North Korean leader Kim Jong Un’s daughter will be featured on new propaganda stamps to be issued on Friday, Pyongyang said on Tuesday, another sign that the girl has been named heiress, experts say.
For years, North Korean state media never mentioned Kim’s children. But in November, during the test firing of North Korea’s most powerful intercontinental ballistic missile (ICBM), Kim Jong Un appeared with his “beloved” daughter.
Although North Korea has never officially identified her by name, the intelligence agency and analysts in Seoul believe it is Ju Ae, her second child. According to experts, she would be the one to succeed her father.
Pyongyang on Tuesday unveiled a set of stamps – to be officially released on Friday – honoring the November test firing. On five of them figure Ju Ae, which indicates, for specialists, that North Korea has begun to build a personality cult around her, like the rest of the Kim clan.

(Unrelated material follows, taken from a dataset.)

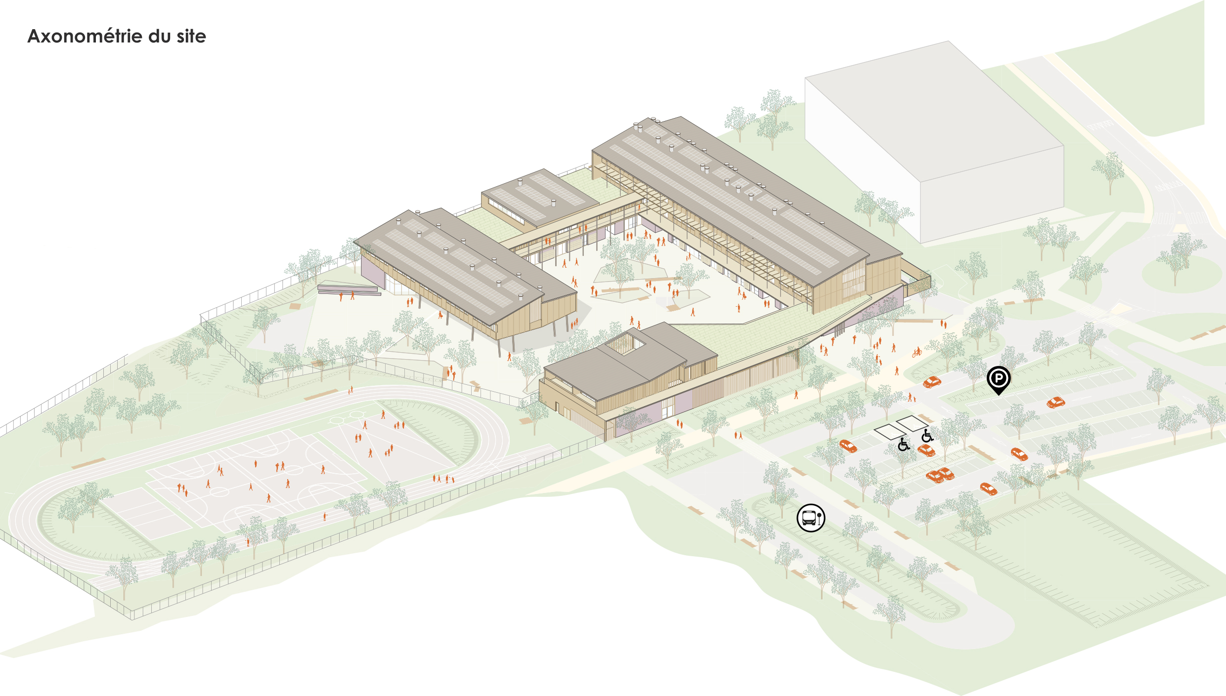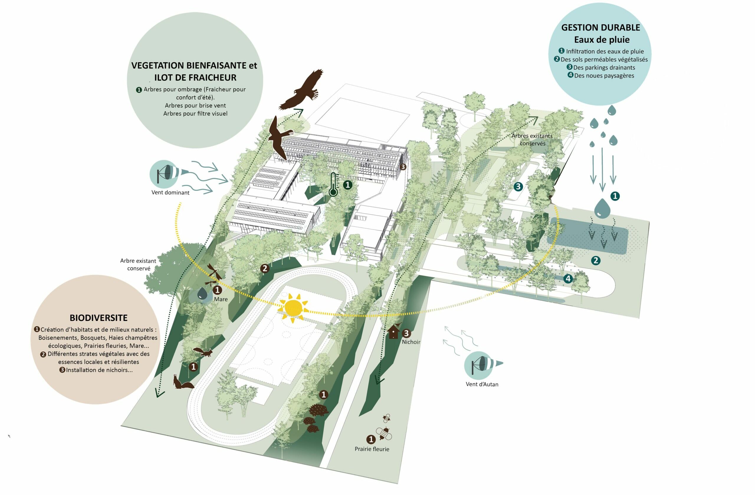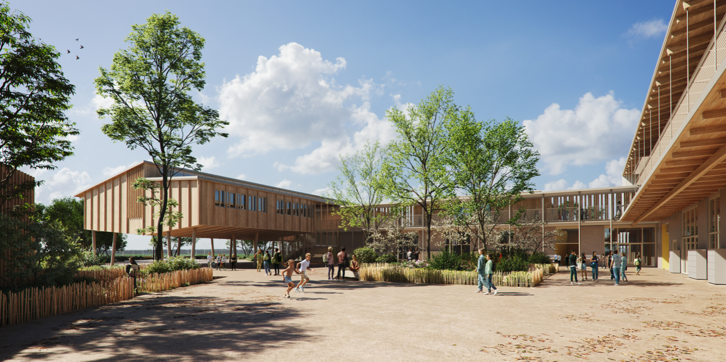 Ce futur établissement scolaire est conçu dans une approche résolument durable, intégrant dès les premières esquisses une réflexion bioclimatique approfondie sur l’implantation et l’orientation des bâtiments. Une attention particulière a été portée à l’utilisation de matériaux biosourcés, favorisant à la fois confort, performance énergétique et empreinte carbone réduite.

The Pyongyang state-owned postage stamp company described the child as Kim’s “beloved daughter” on its website where the stamps were unveiled, without specifically naming her.
Some experts believe that the girl’s public appearances indicate that she is being groomed to become the next ruler and that the stamps support this assumption.
The stamps appear to mark the “official start of Kim Ju Ae’s life as her father’s successor,” An Chan-il, a defector who is now a researcher at the head of the World Institute for Health, told AFP. North Korean Studies.
But for others, it’s still too early to speculate, given that Kim Jong Un is still young and his daughter’s name has never been officially announced.
Professor at the University of North Korean Studies in Seoul, Yang Moo-jin points out that each time an heir was approached in North Korea, the leader in place made sure that the name of this successor was known. .
“It’s still very possible that Ju Ae is just being used (for propaganda purposes)…and Kim’s eldest son is preparing for the succession behind closed doors.”